Mary Eliza was an accomplished author and artist who published books for women and children and provided illustrations for her husband’s books. Her 1877 book Chaucer for Children was a standard textbook in English schools until well into the 20th century. In addition to Lionel, their children were son Stephen, an artist, and daughter Hugolin, a noted writer and singer in England.

Lionel was educated at King William's College on the Isle of Man, and at Marlborough College in England. For a short time he served on the editorial staff of the Daily Mail then, in his 20s, he left for Ceylon (now Sri Lanka) spending seven years there as a tea planter. He continued to write and in 1899 published Island Tales of Ceylon.
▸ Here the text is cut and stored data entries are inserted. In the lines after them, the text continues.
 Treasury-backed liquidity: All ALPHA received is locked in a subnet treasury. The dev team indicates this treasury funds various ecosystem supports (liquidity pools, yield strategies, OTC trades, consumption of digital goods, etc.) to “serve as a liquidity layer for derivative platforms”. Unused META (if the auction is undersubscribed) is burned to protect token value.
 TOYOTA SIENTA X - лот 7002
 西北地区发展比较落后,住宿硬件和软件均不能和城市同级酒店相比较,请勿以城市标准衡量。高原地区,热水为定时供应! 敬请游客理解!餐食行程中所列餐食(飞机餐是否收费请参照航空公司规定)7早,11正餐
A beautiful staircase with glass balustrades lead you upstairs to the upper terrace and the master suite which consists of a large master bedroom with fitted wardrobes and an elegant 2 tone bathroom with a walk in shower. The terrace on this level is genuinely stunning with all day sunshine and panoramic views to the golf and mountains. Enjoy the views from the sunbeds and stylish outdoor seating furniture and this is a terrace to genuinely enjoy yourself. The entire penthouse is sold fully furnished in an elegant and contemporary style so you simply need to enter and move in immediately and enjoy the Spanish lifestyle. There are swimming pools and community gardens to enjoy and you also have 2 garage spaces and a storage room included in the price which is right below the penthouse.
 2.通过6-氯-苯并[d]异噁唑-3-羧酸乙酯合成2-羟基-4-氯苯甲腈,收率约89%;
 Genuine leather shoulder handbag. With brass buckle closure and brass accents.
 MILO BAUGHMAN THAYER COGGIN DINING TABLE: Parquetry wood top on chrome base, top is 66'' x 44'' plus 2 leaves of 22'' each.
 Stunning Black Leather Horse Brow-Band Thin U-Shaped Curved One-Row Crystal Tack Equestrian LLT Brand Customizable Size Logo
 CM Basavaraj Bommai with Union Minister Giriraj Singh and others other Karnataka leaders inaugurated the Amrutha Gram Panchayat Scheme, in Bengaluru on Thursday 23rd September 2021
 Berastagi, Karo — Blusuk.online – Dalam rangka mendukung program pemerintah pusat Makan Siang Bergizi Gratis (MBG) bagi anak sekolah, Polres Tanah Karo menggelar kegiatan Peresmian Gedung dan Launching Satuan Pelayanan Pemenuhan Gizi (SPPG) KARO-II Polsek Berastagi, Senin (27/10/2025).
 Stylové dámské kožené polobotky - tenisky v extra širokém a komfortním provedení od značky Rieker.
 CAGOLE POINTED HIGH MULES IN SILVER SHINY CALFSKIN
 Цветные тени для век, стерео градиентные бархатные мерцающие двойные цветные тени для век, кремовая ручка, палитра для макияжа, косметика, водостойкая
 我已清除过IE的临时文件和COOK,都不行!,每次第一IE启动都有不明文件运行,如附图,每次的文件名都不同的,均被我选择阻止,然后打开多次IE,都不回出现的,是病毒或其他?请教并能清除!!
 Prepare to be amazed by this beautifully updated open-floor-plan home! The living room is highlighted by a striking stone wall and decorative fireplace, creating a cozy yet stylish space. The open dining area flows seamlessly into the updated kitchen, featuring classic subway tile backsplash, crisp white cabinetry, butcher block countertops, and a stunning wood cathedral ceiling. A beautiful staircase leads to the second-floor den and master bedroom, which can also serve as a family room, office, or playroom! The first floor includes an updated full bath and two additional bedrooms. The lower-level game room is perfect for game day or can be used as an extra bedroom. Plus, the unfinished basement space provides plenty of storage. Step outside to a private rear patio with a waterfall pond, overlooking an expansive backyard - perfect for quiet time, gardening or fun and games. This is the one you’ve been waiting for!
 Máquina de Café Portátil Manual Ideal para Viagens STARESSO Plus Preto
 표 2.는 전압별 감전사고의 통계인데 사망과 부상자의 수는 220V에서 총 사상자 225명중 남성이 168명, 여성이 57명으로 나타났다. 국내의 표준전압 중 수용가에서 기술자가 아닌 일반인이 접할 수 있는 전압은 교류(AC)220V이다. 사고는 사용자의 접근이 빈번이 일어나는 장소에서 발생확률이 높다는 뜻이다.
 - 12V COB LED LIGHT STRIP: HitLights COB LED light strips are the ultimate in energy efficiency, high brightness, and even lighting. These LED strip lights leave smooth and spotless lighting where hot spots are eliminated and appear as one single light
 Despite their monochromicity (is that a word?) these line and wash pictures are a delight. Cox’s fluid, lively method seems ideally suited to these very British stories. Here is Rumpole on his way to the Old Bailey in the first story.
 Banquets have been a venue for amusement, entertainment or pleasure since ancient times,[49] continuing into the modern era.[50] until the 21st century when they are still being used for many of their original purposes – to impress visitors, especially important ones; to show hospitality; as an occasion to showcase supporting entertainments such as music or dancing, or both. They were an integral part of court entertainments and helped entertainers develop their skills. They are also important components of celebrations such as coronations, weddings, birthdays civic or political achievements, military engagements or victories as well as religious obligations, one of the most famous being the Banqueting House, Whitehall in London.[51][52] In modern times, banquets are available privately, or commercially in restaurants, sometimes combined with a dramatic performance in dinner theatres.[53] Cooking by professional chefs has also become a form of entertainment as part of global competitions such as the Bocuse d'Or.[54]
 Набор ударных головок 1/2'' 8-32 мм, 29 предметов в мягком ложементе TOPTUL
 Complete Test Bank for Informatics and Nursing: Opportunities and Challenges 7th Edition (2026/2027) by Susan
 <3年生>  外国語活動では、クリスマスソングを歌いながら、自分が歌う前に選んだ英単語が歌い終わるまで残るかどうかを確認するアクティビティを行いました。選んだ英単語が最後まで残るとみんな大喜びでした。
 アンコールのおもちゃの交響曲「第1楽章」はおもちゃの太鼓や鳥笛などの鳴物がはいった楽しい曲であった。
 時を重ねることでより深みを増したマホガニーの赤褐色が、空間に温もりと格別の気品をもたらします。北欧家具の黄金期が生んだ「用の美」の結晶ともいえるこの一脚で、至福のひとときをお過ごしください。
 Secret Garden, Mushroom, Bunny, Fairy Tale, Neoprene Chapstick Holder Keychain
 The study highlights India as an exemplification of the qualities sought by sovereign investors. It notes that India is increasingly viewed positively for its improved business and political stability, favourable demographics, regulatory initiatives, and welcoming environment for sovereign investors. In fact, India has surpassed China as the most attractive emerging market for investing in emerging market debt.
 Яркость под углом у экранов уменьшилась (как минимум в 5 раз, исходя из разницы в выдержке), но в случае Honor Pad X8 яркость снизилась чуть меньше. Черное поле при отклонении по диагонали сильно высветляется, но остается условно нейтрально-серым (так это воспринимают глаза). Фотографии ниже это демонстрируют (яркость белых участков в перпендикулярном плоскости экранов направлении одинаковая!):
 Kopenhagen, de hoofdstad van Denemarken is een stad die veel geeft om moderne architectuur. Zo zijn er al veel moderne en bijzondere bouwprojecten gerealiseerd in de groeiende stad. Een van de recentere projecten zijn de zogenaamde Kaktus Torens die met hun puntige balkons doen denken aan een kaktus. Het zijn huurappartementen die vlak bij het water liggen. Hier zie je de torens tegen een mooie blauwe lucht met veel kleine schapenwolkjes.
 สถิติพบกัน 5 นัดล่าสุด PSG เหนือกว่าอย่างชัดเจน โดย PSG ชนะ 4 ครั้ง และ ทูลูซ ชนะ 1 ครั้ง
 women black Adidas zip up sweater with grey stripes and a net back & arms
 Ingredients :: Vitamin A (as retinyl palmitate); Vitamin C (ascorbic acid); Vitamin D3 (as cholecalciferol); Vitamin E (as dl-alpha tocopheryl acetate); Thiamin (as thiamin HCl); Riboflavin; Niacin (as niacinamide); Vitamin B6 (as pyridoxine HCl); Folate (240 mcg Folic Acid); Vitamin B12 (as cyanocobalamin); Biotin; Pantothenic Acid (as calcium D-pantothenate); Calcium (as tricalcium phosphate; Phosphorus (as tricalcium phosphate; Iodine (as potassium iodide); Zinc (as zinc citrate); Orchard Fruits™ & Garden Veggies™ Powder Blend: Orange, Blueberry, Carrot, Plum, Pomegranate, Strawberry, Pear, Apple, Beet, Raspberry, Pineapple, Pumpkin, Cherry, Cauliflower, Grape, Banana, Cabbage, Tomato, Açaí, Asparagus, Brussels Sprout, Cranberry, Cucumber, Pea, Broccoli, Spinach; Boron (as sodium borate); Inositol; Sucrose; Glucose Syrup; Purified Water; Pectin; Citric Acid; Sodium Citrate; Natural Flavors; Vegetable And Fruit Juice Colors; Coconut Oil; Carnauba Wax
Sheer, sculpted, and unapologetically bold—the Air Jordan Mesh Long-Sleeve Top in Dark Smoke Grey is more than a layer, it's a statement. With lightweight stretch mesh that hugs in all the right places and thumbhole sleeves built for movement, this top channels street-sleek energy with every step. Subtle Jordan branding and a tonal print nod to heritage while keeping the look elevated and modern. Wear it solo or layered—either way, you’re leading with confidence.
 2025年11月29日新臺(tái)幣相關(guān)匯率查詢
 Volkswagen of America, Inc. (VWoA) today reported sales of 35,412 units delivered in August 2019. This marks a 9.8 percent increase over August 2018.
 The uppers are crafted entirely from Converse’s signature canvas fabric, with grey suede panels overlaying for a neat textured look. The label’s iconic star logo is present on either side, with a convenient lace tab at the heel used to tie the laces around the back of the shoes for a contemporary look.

It was during this period he began his life-long studies of mythology and literature.

For a short time he served on the editorial staff of the Daily Mail then, in his 20s, he left for Ceylon (now Sri Lanka), spending seven years there as a tea planter.

After returning to England and getting married, Haweis emigrated with his wife and daughter to Canada in 1907, eventually opening a photography studio in New Westminster. Later he moved to Vancouver and opened another business under the name of Rosetti Photographic Studios. The studio operated from 1910 to 1915, first on Pender Street and later on Robson Street. Among Rosetti Studios’ projects was a 1912 series of photographs of scenic viewpoints around Stanley Park, which have been digitized and mounted on-line by the UBC Archives.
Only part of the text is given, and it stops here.